Information Extraction with LangChain & Kor
Based on Sam Witteveen's video on YouTube. If you like this content, support the original creators by watching, liking and subscribing to their content.
Kor performs information extraction by prompting a large language model to fill a predefined schema, avoiding the need for immediate NER training data.
Briefing
Turning messy text into structured data is the bottleneck for many NLP workflows—especially when there’s no labeled dataset to train a named-entity recognition (NER) model. Kor, used alongside LangChain, offers a practical workaround: it uses a large language model (in this case, ChatGPT via the “chat OpenAI” model) to extract fields directly into a predefined schema, producing report-ready outputs and even a seed dataset for training a future NER system.
The core idea is straightforward. Kor wraps a LangChain extraction chain that takes raw text, cleans and splits it, then prompts the LLM with a schema describing exactly what to extract. That schema is reinforced through in-context learning: each field comes with a description and one or more examples, so the model learns what values to pull out and how to format them. In the simplest setup, the schema defines a flat set of attributes—like extracting first name and age from sentences such as “John Smith was 23.” The system then returns structured results that match the schema, demonstrating that extraction can be done without training a dedicated model.

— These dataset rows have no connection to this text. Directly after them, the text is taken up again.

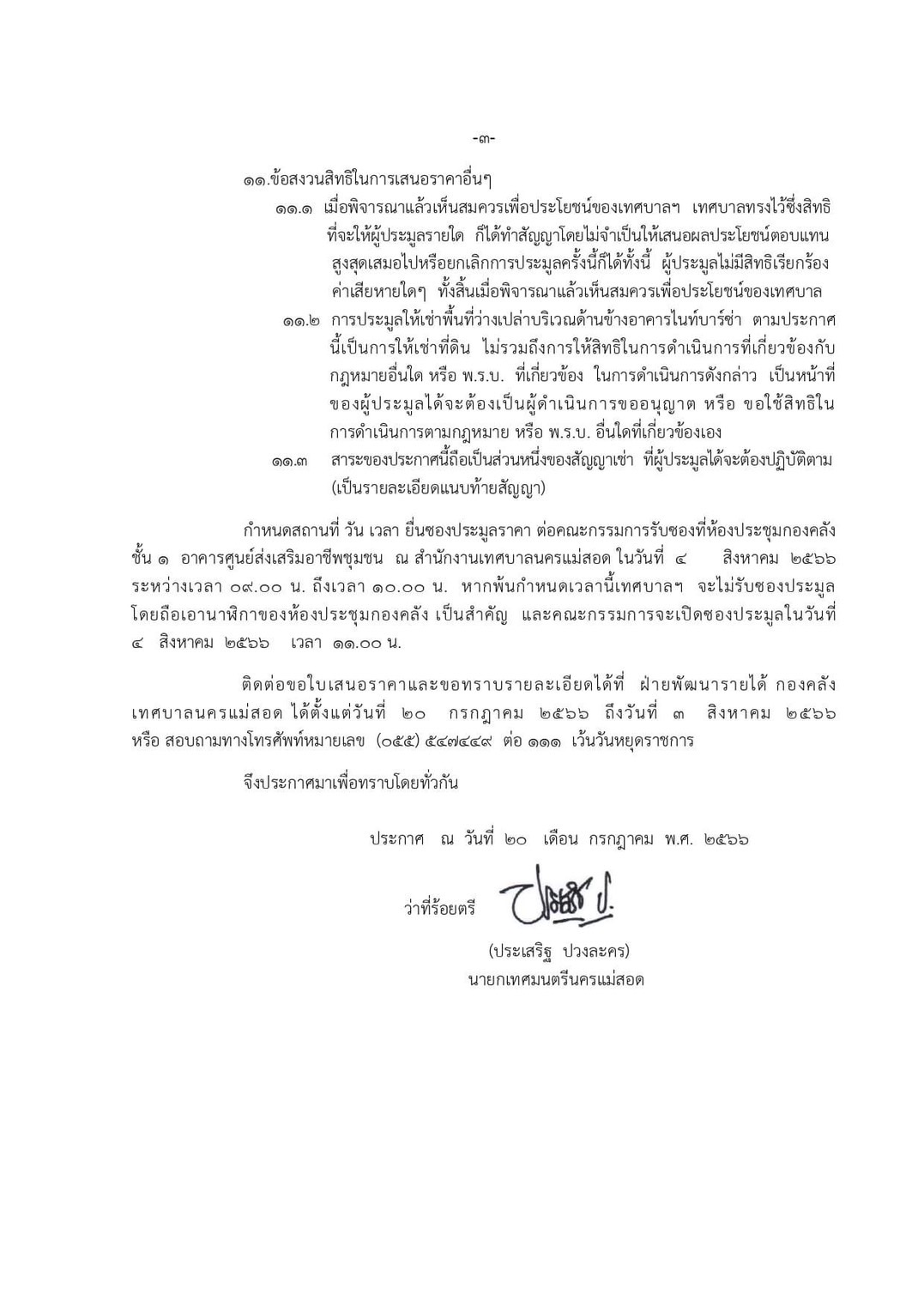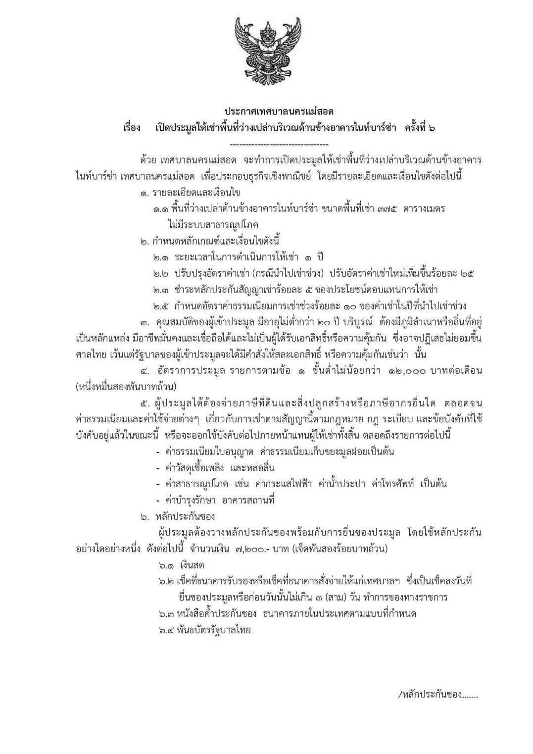 ประกาศเทศบาลนครแม่สอด เรื่อง เปิดประมูลให้เช่าพื้นที่ว่างเปล่าบริเวณด้านข้างอาคารไนท์บาร์ซ่า ครั้งที่ 6
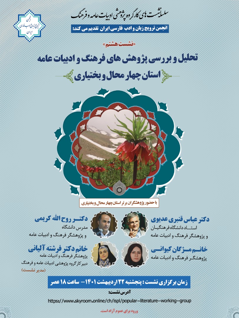 کارگروه پژوهشی ادبیات عامه و فرهنگ تقدیم می کند: تحلیل و بررسی پژوهش های فرهنگ و ادبیات عامه             (استان چهارمحال و بختیاری)پیام تسلیت انجمن به مناسبت درگذشت حجتالاسلام والمسلمین سید محمود دعایی
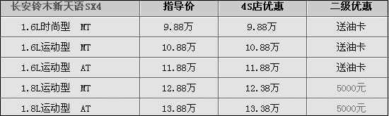 长安铃木的全新天语SX4在3月10日公布价格后,不到一周的时间内,长安铃木商家们已经按捺不住 ,开始大力促销把新款产品全面推向市场。笔者从长安铃木4S店了解到,新款的1.6L、1.8L多款产品开始 接受预订,提车周期在15天内,为了进一步促进订单,可以在订车时加送装潢。特别是在购置税减免外的 1.8L新天语,可以现金让利5500元,并加送4188的装潢礼包。1.6L系列车型亦可享受2000元油卡。目前老 款天语SX4商家处还有少量库存,价格优惠在8000元左右。

Kor also supports nested structures, which matters when real information is hierarchical. For example, address extraction can be modeled as a JSON object containing from/to addresses, each with street, city, state, zip code, and country. When nested fields are required, the workflow shifts from a CSV-style encoder to a JSON encoder, and the prompt is tightened further: it instructs the model to output only valid JSON, omit any fields not present in the schema, and ignore irrelevant attributes found in the text.

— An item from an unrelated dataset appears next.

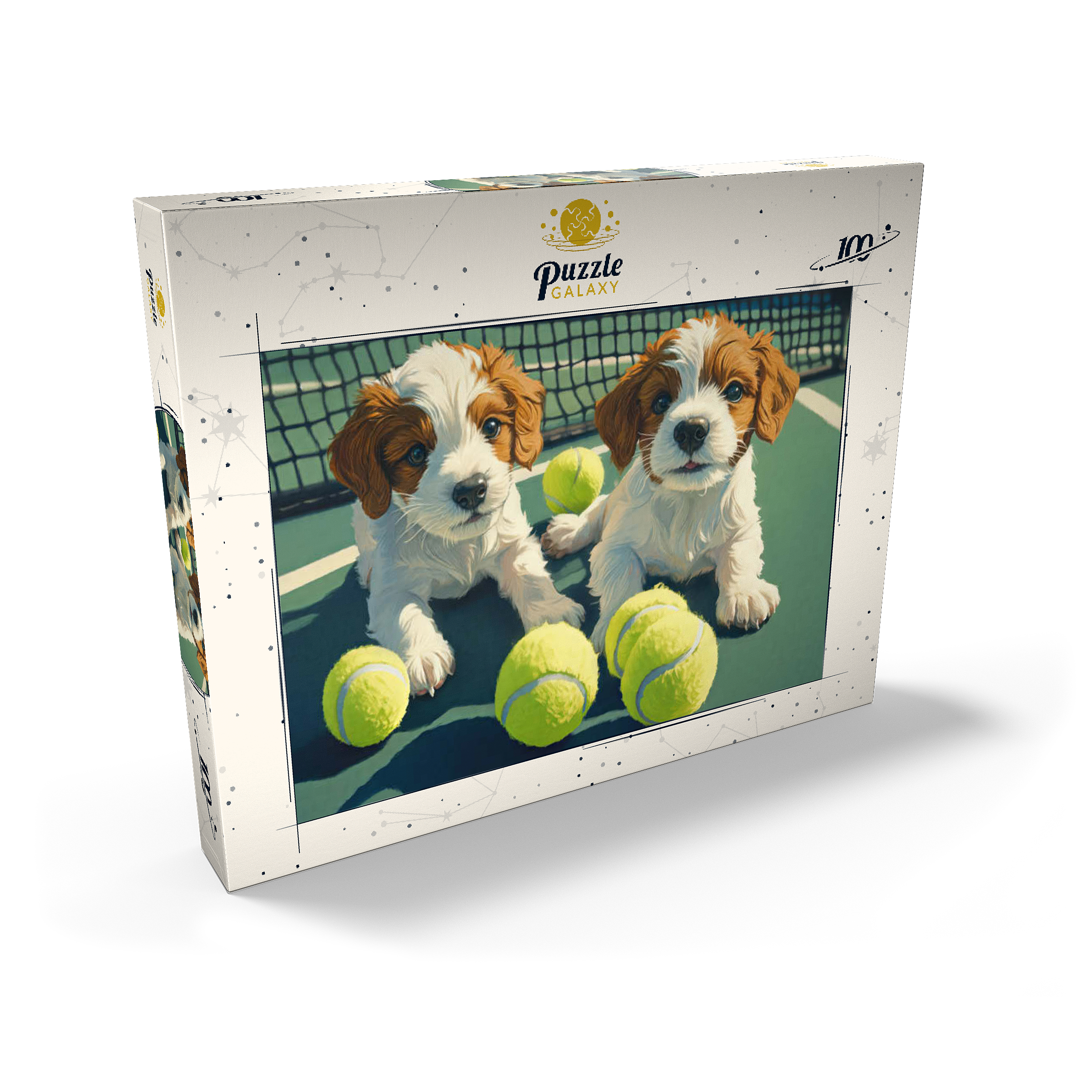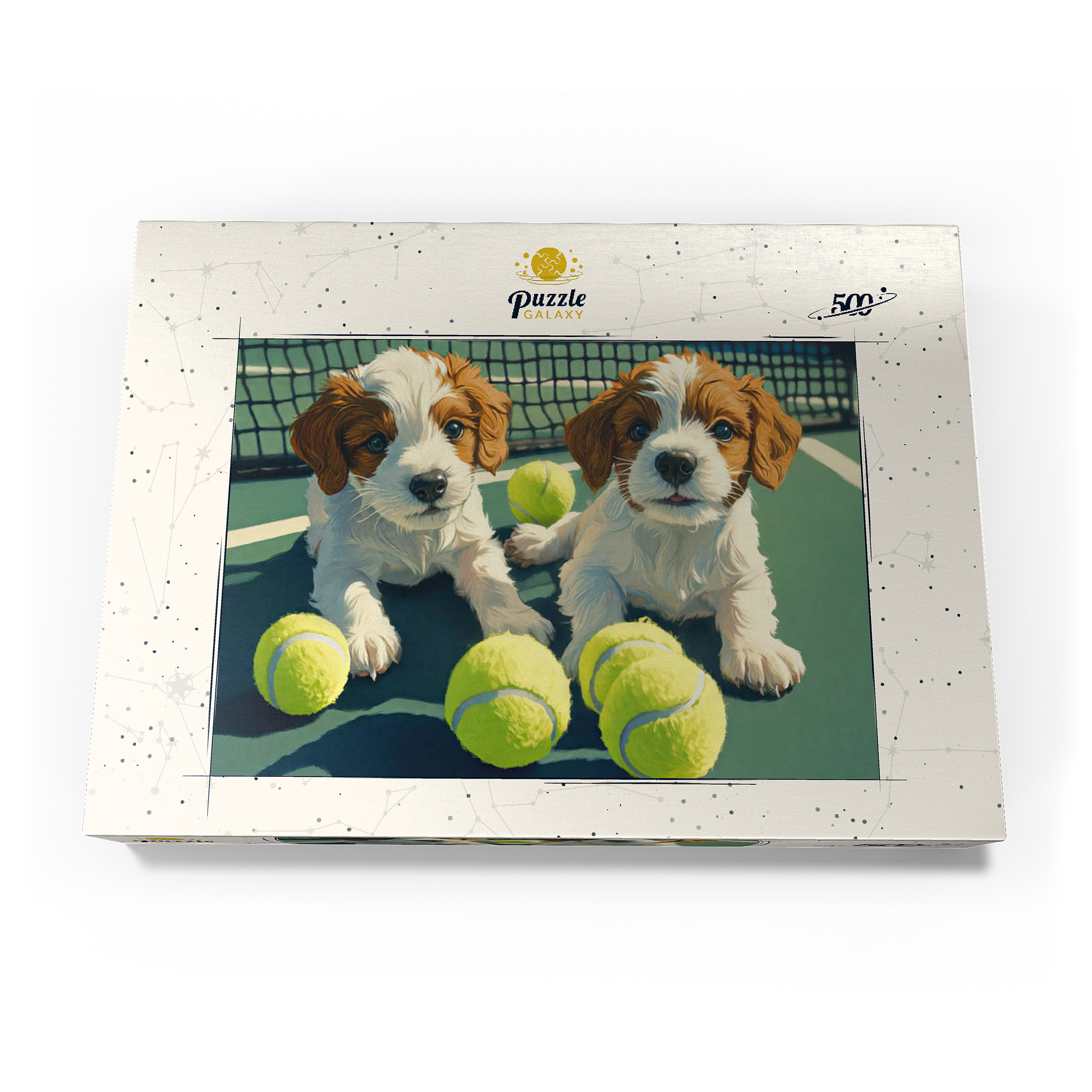 Niedliche Welpen mit Tennisbällen auf dem Platz

Where the approach becomes most useful in practice is with Pydantic classes. Instead of manually defining a schema as plain text, the workflow defines a Restaurant model with required and optional fields—name (required), location (optional), style (optional), and top dish (optional). Pydantic then enforces formatting and field presence rules, validating that the model’s output conforms to the expected structure. The extraction is run with an “extraction validator” and can handle multiple restaurants at once (using a parameter like many=True). The results are then converted into human-readable summaries and can be loaded into a pandas DataFrame for downstream analysis or reporting.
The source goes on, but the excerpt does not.